THE average policeman usually is well able to look after himself in a tussle with the kind of people who are all the better for his attention, but when the test of his merits and methods is taken into the political field he is clearly at a disadvantage. Evolutionary progress of nations has not yet, unfortunately, provided a law empowering the police to clout a talkative politician on the head with a truncheon as the quickest way to an end of argument. Hence, it may not be unreasonable to ask for fair play for the police. This need has been demonstrated in the fierce discussions in the British House of Commons about the methods of the London police generally, but particularly those dealing with the interrogation of witnesses. New Scotland Yard, with its great staff of 20,000 men, indisputably the finest army of police in the world, has been brought under - the lash of political and public criticism for the manner in which several of its officers badgered a young woman concerned in a charge of philandering with a famous economist in Hyde Park, which, though many policemen might refuse to believe it, is as good a place as any to talk about economics. Both she and the man in the case were acquitted in circumstances that suggested perjury on the part of the police. Here, it is right to mention that even policemen have been proved to be notorious liars.

In this ease, however, Scotland Yard resented the suggestion as to perjury, and set out to secure evidence in support of the police. Its administrators hauled the young woman to headquarters and subjected her to a gruelling interrogation. The zeal of the authorities is more easily understandable than pardonable, for their action was undeniably outside the law. There is not a word in the Common Law which justifies the police in compelling a witness to go to Scotland Yard and he examined. As has been emphasised in England, a witness can be compelled to attend at a law court and nowhere else.

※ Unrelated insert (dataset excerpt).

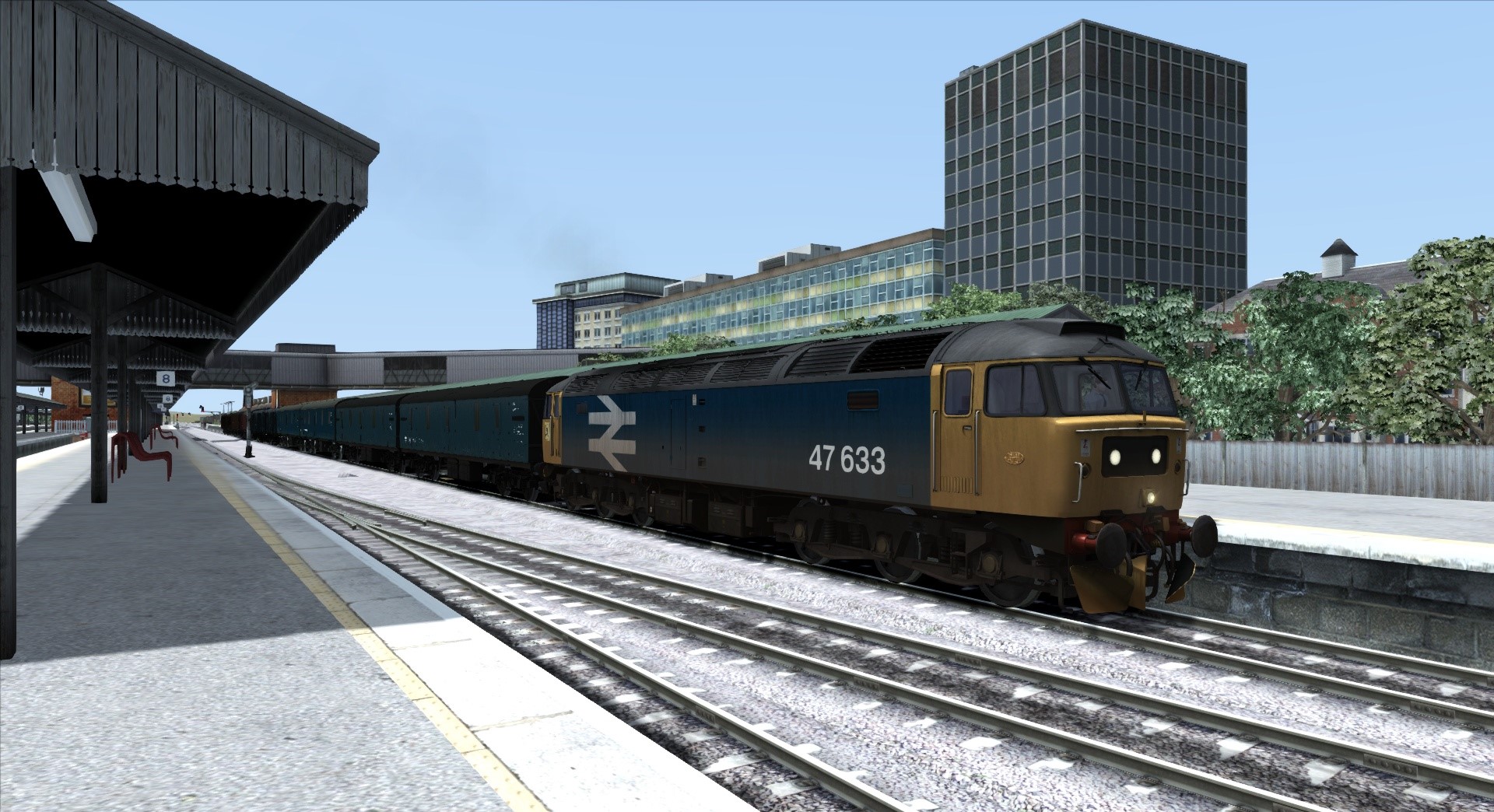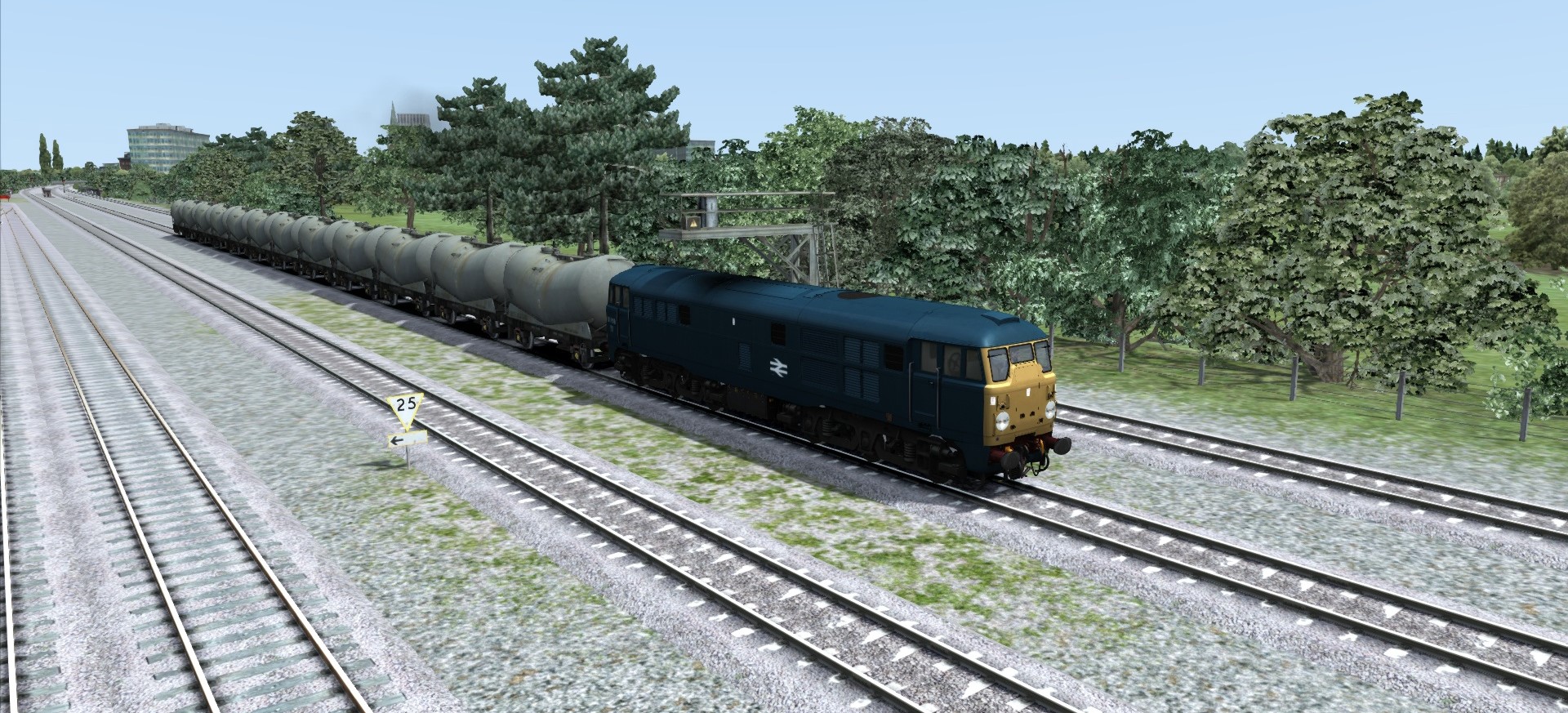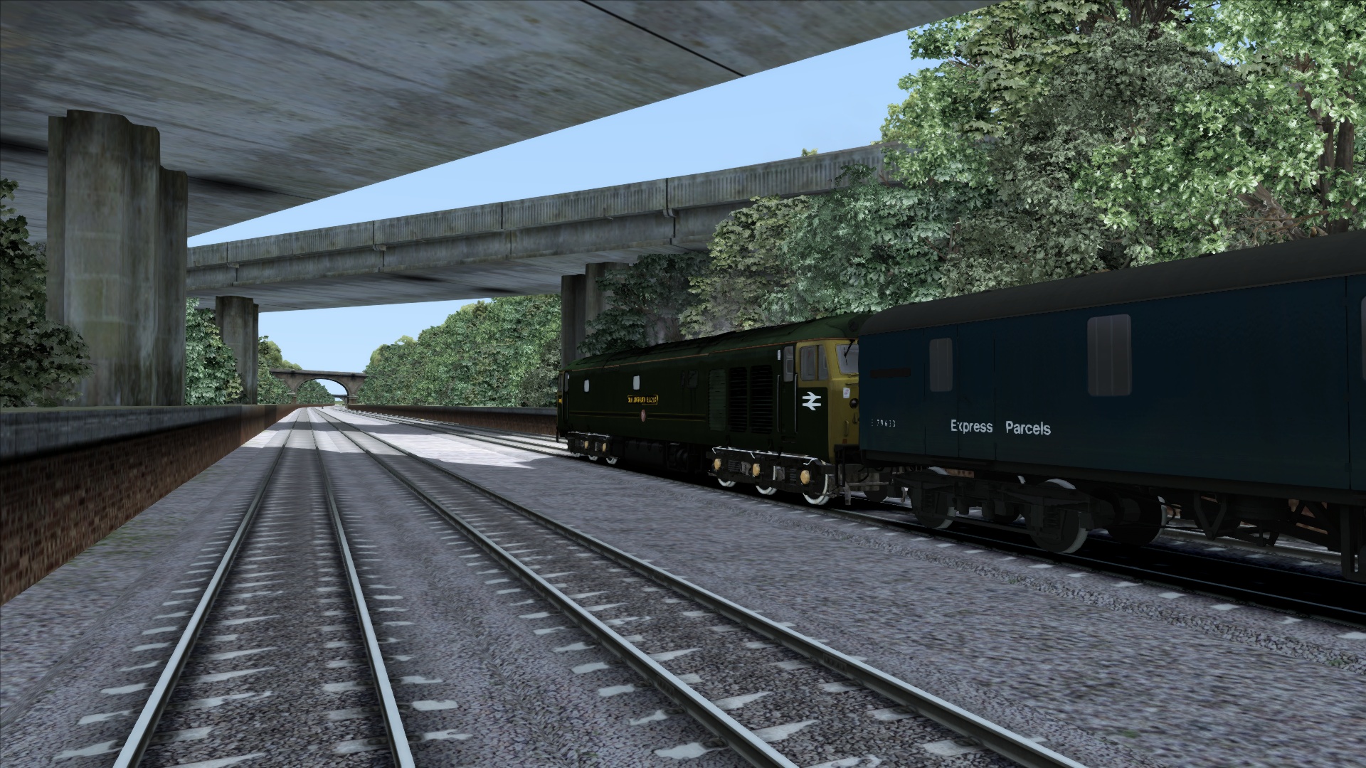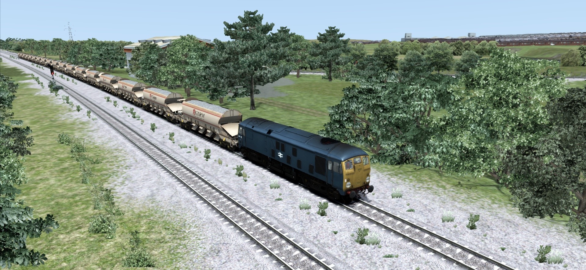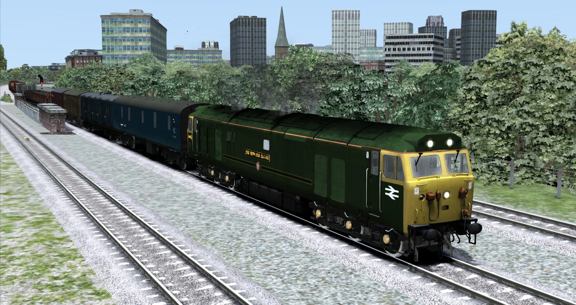 Hier fährt die Class 50 mit einem Güterzug mit 29 Wagen. Die Class 47 hat einen Postzug am Hacken ![]()

It is to be noted with regret that the report of the tribunal which investigated the Hyde Park case does not censure the police for ignoring the law that protects witnesses. Two members of the commission of inquiry accepted the evidence of the police, and gave Scotland Yard officials an honourable discharge, holding that the police officers <jid not treat the young woman with a lack of propriety. The other member of the tribunal, in a minority report, saw more truth in the woman’s evidence than in that of the police, and considered that the inspector and officers concerned were deserving of censure. It looks as though the minority was right and the majority wrong. While there may have been ample cause for protest against the use of American “third degree” tactics with the object of reducing an exhausted witness to hysterical statements which might be merely 1 incriminating falsehoods instead of confession, there has been no apparent valid reason for the insinuation in the political arena that Scotland Yard has lost its traditional sense of British justice, its firm courtesy which, occasionally, of course, like the Scotsman’s change, may often be only just right, and is not above suspicion as to corruption. Fortunately, the inquiry into police methods is to be extended over a wide field of investigation and pressed with a ruthless thoroughness. The police, as well as the public, should welcome a comprehensive inquiry.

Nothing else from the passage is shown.